Martin Blum: Die Radagentur Wien unter anderem zuständig für die Vernetzung der Bürgerinnen und Bürger dieser Stadt mit dem Magistrat, was das Thema Radfahren betrifft. Ideen, Anliegen, aber auch Sorgen langen bei uns ein. Es lässt sich kein Thema herausschälen, das als „heißes Eisen“ zu bezeichnen wäre. Wir erkennen aber, dass immer mehr Menschen in Wien Rad fahren, also wollen die Radfahrenden auch mehr Platz.
energieleben.at: Wie kommt das Fahrradfahren und wie kommen Fahrradfahrer aus Ihrer Sicht in der Bevölkerung an? Stichwort: Radwege/Fußwege/Ruf nach Nummerntafeln.
Martin Blum: Es gibt international und in Wien einen Radfahr-Trend. Das Fahrrad ist ein sehr gutes Verkehrsmittel für die Stadt. Es ist schnell, wendig und flexibel. Es vermittelt Lebensfreunde und wer am Rad unterwegs ist, erlebt seine Stadt ganz anders. Wichtig ist aber auch, dass es auf den Straßen ein Miteinander statt ein Gegeneinader gibt. Nummerntafeln für Fahrräder lehne ich ab. In keinem anderen Land der Erde gibt es etwas Vergleichbares. Die Haftpflichtversicherungsplakette in der Schweiz, die gerne Nummerntafeln genannt wird, gibt es seit Jahreswechsel auch nicht mehr.
energieleben.at: Mit Rückenwind von der „Velo-City 2013“ wird das Fahrradfahren in Wien im kommenden Jahr ja voraussichtlich besonders präsent sein. Was ist „Velo-City“ eigentlich?
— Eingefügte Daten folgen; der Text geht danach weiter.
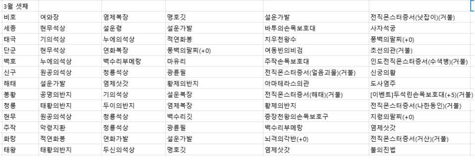 2022년 3월 셋째주 전서버 경매목록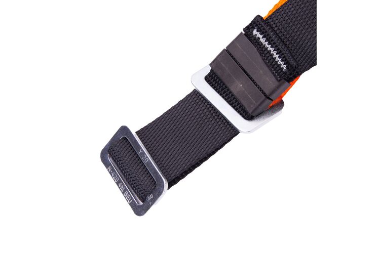 Descrição: Cinturão de segurança, tipo paraquedista, confeccionado em fita de poliéster multifilamento de 45 mm e fita secundária de poliéster de 25 mm. Possui um ponto de conexão, sendo uma meia argola dorsal em aço. Possui três fivelas duplas em aço, sendo duas para regulagem das coxas e uma para regulagem na cintura. O cinturão de segurança deve ser usado conjugado com o talabarte e trava quedas compatíveis, conforme indicação do CA. Certificado de Aprovação: 35509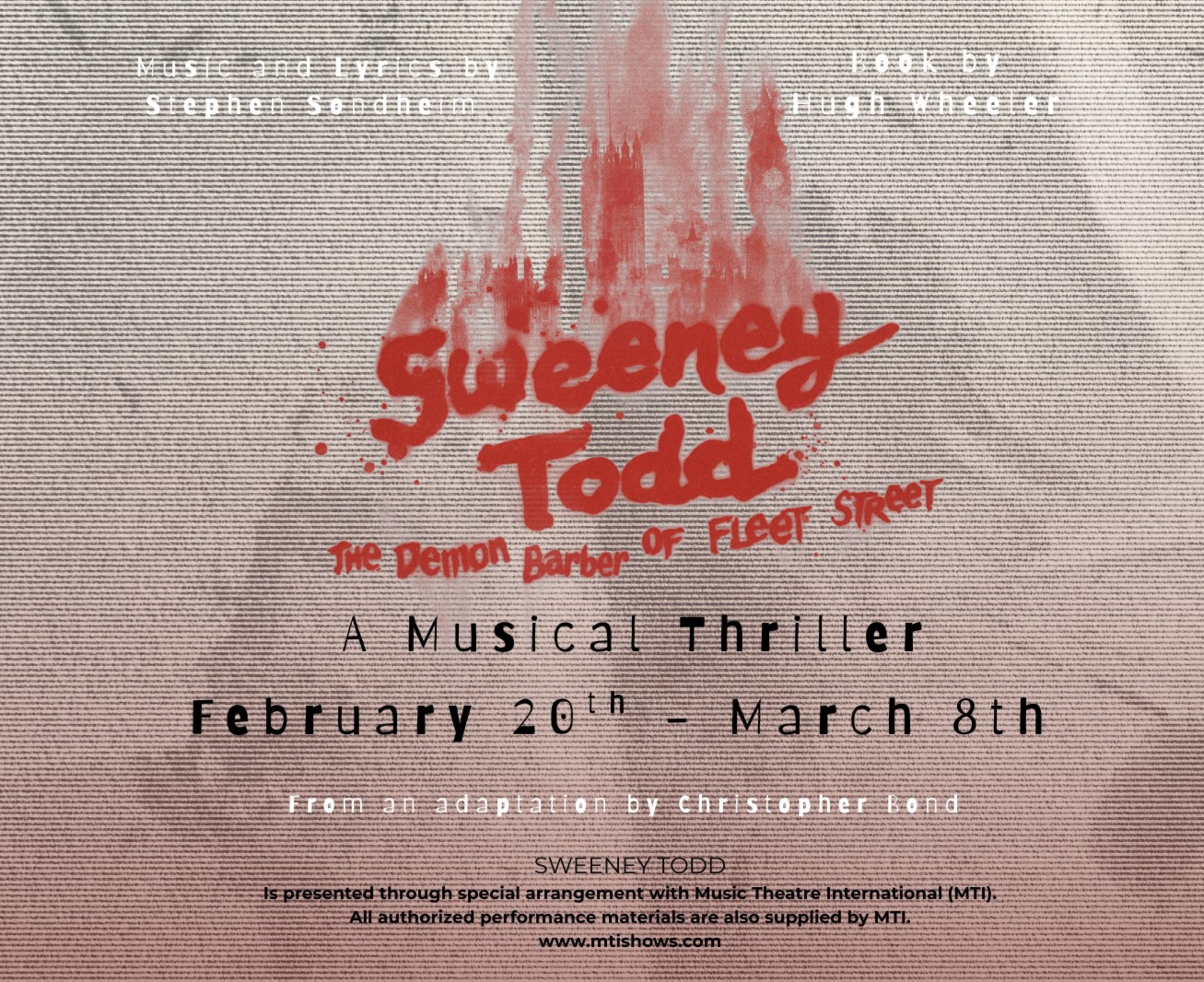 Sweeney Todd: The Demon Barber of Fleet Street Presented by Sullivan Theater Attend the thrilling musical masterpiece by Stephen Sondheim, a dark and gripping tale of obsession, revenge, and the price of vengeance, set in the shadowy streets of Victorian London. Run Dates: February 20 to March 8, 2026 Performance Schedule: • Thursday to Saturday evenings at 7:30 PM Doors open at 7:00 PM • Sunday matinees at 2:00 PM Doors open at 1:30 PM Tickets: Available at sullivantheater.com/tickets Adult Tickets: $35.00 Student Tickets: $25.00 Note: There is a $3.50 convenience fee when purchasing online Important Note: There are several scheduled understudy performances during the run. Please check the ticketing site for specific dates and casting details when purchasing tickets. Join us for an unforgettable theatrical experience filled with haunting music, powerful storytelling, and razor sharp drama.

Martin Blum: Die Velo-City ist eine internationale Konferenz zum Thema Radfahren. Neue Trends, Wissen und Erfahrungen von Expertinnen und Experten werden bei dieser Konferenz ausgetauscht. Es ist eine große Ehre und eine Chance für Wien, dass im Jahr 2013 die Velo-City im Wiener Rathaus und am Rathausplatz stattfinden wird. Die Velo-City wird in Wien den Boom des Radfahrens, den es jetzt schon gibt, noch verstärken.
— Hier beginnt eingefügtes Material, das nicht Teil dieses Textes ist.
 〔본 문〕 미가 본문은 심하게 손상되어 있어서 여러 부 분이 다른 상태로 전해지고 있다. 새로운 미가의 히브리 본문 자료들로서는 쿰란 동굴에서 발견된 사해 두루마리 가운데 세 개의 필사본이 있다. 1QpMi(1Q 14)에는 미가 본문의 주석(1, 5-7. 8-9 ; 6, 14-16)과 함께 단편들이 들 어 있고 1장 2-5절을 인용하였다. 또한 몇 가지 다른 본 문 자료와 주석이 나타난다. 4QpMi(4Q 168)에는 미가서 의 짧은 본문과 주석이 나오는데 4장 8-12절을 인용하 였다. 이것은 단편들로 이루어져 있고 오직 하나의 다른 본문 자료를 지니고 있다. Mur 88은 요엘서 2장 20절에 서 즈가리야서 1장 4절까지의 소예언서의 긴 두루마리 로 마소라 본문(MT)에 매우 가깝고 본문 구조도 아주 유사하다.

energieleben.at: Was haben wir Alltags- und Freizeitradfahrer von dem Event?
Martin Blum: Anders als bei anderen Konferenzen wird die Velo-City in Wien spür- und erlebbar sein. Das Konzept der Konferenz sieht vor, dass es zahlreiche Veranstaltungen geben wird, die für die Teilnehmenden wie für die Wiener Bevölkerung spannend und unterhaltsam sein werden. So soll den Menschen in Wien noch mehr Lust aufs Radfahren gemacht werden.